Hematologists Highlight Top Data From ASCO 2026

Key hematologic oncology data drew attention at the 2026 ASCO Annual Meeting, with key phase 3 trials reading out across the multiple myeloma, diffuse large B-cell lymphoma (DLBCL), and myelofibrosis settings. Experts helped outline some of the top hematology findings shared at the meeting and what these findings may mean for clinical practice.

MajesTEC-9: a phase 3 randomized study of teclistamab monotherapy vs investigator’s choice of pomalidomide, bortezomib, and dexamethasone or carfilzomib and dexamethasone (PVd/Kd) in patients (pts) with relapsed refractory multiple myeloma (RRMM).

Teclistamab-cqyv (Tecvayli) monotherapy generated statistically significant improvements in progression-free survival (PFS) and overall survival (OS) compared with investigator’s choice of pomalidomide (Pomalyst) plus bortezomib (Velcade) and dexamethasone (PVd) or carfilzomib (Kyprolis) plus dexamethasone (Kd) in patients with relapsed/refractory multiple myeloma who had received 1 to 3 prior lines of therapy that included daratumumab (Darzalex) and lenalidomide (Revlimid) in the phase 3 MajesTEC-9 trial (NCT05572515).¹

Findings showed teclistamab (n = 296) reduced the risk of disease progression or death by 71% compared with the standard-of-care (SOC) regimens (n = 297; HR, 0.29; 95% CI, 0.23-0.38; P < .0001). The median PFS was not reached (NR) in the experimental arm vs 8.2 months in the control arm. The estimated 18-month PFS rates were 69.8% for teclistamab compared with 26.9% for SOC. Additionally, teclistamab reduced the risk of death by 40% compared with SOC (HR, 0.60; 95% CI, 0.43-0.83; P = .0020). The median OS was NR in both arms, but the estimated 18-month OS rates were 79.2% and 68.6% for teclistamab and SOC, respectively.

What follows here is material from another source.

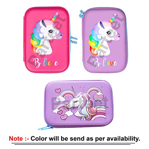 Big hardtop pencil case, light weight and shockproof. Large space, wide open mesh pockets allowing to store a variety of stationery items.2 layers storage pockets on right part, 5 pencil slot on inter layer.3D embossed on the top, looks cute and lively. Best gift for all occasions.
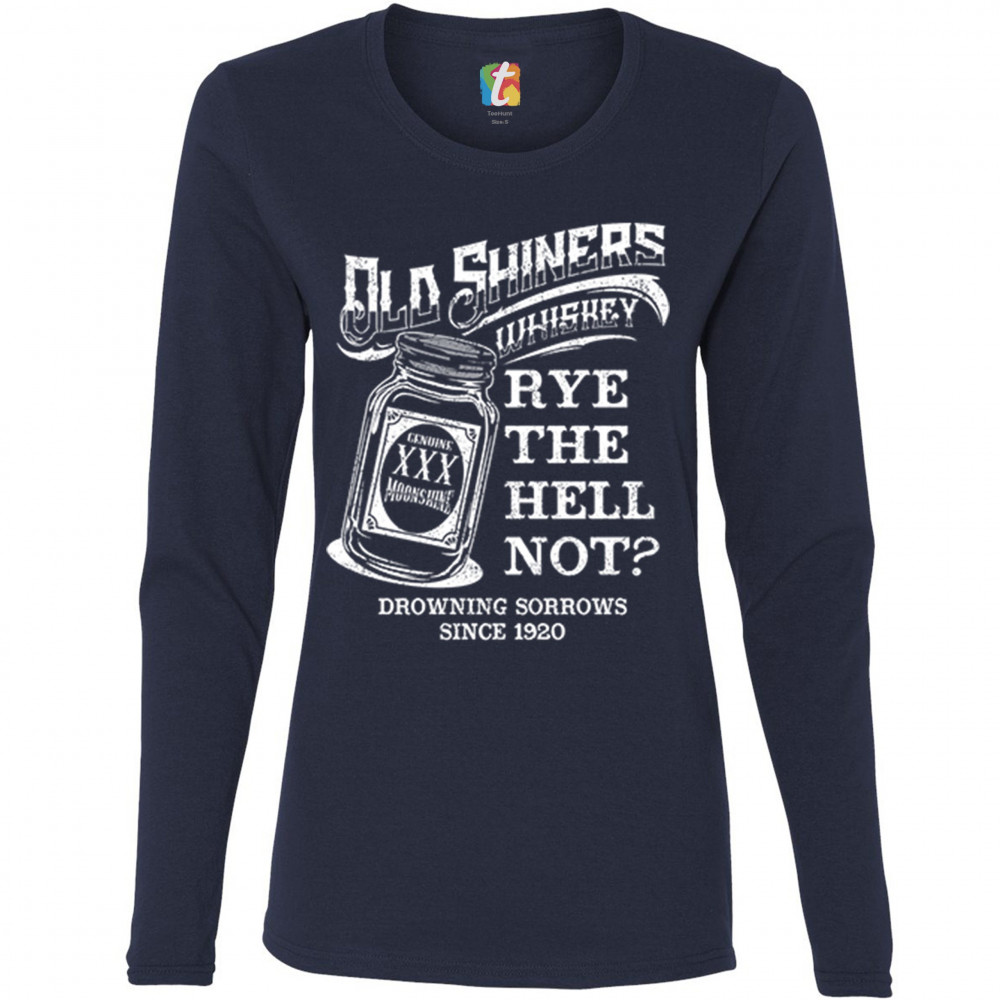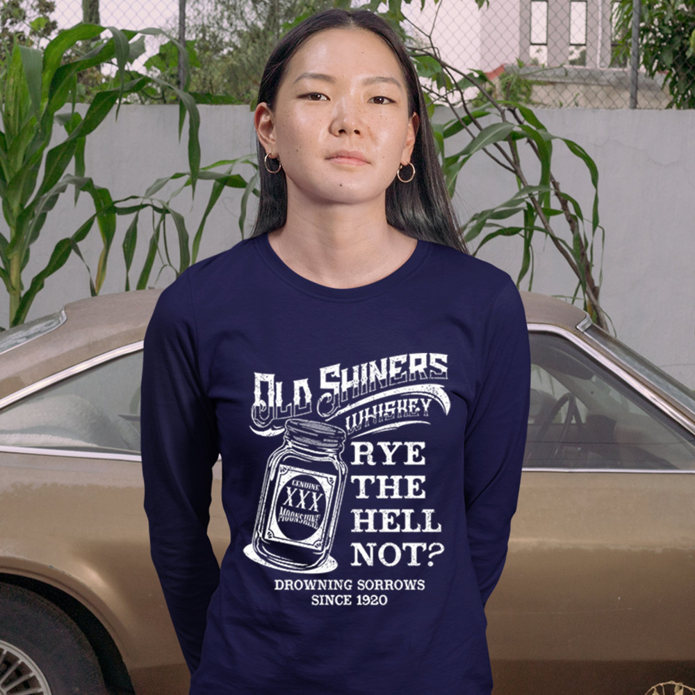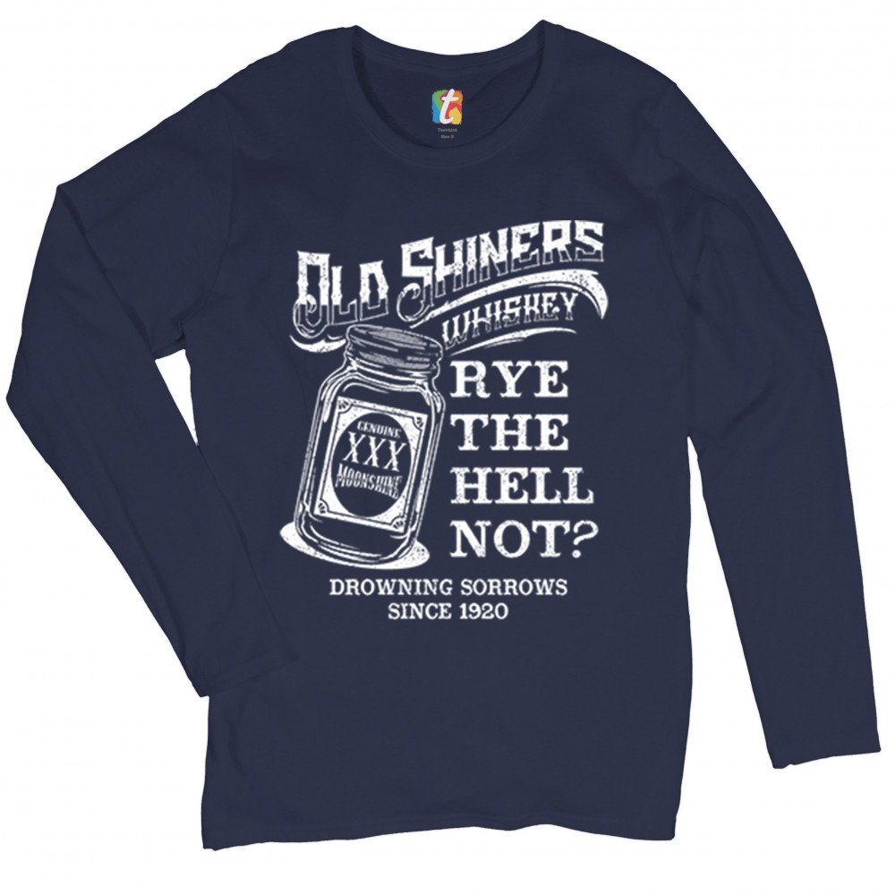 OLD SHINERS WHISKEY women's long sleeve t-shirt rye the hell not? drinking navy blue

Saad Usmani, MD, MBA, FACP, FASCO

Memorial Sloan Kettering Cancer Center

“We had 2 clinical trials in the relapsed setting read out [at ASCO 2026] that had a high proportion of patients who are daratumumab- and lenalidomide-refractory. One clinical trial is [MajesTEC-9 with] teclistamab monotherapy compared with SOC regimens...I’m especially encouraged by the monotherapy teclistamab data. It’s relevant to our clinical practice because many patients get daratumumab and lenalidomide exposure [and then] refractoriness nowadays at the time of relapse.”

Rahul Banerjee, MD, FACP

Fred Hutchinson Cancer Center

“In my practice, for the past 4 years, [all] patients [have been] receiving an anti-CD38 [agent] as part of their induction in the modern era. What do you do with those patients [at relapse]? Do you keep the daratumumab going? Do you use teclistamab plus daratumumab, or teclistamab by itself? We didn’t know. Now we know that teclistamab by itself does carry a punch in these patients. We saw improved rates of complete response [CR], improved minimal residual disease negativity, and improves PFS; that’s remarkable. Will it change how we use the drug? Not directly, so to speak—teclistamab has already been approved [after] 1 prior line [of therapy], but the approval has remained for teclistamab plus daratumumab as a doublet. For patients who can get both, where it makes sense to offer both, I do…. This is not a competition between the 2 [regimens]. Daratumumab probably does add some myeloma activity…. However, if a patient is daratumumab refractory and you had doubts about whether teclistamab monotherapy works, you should no longer have any doubts, because MajesTEC-9 showed that it does work and works quite well.”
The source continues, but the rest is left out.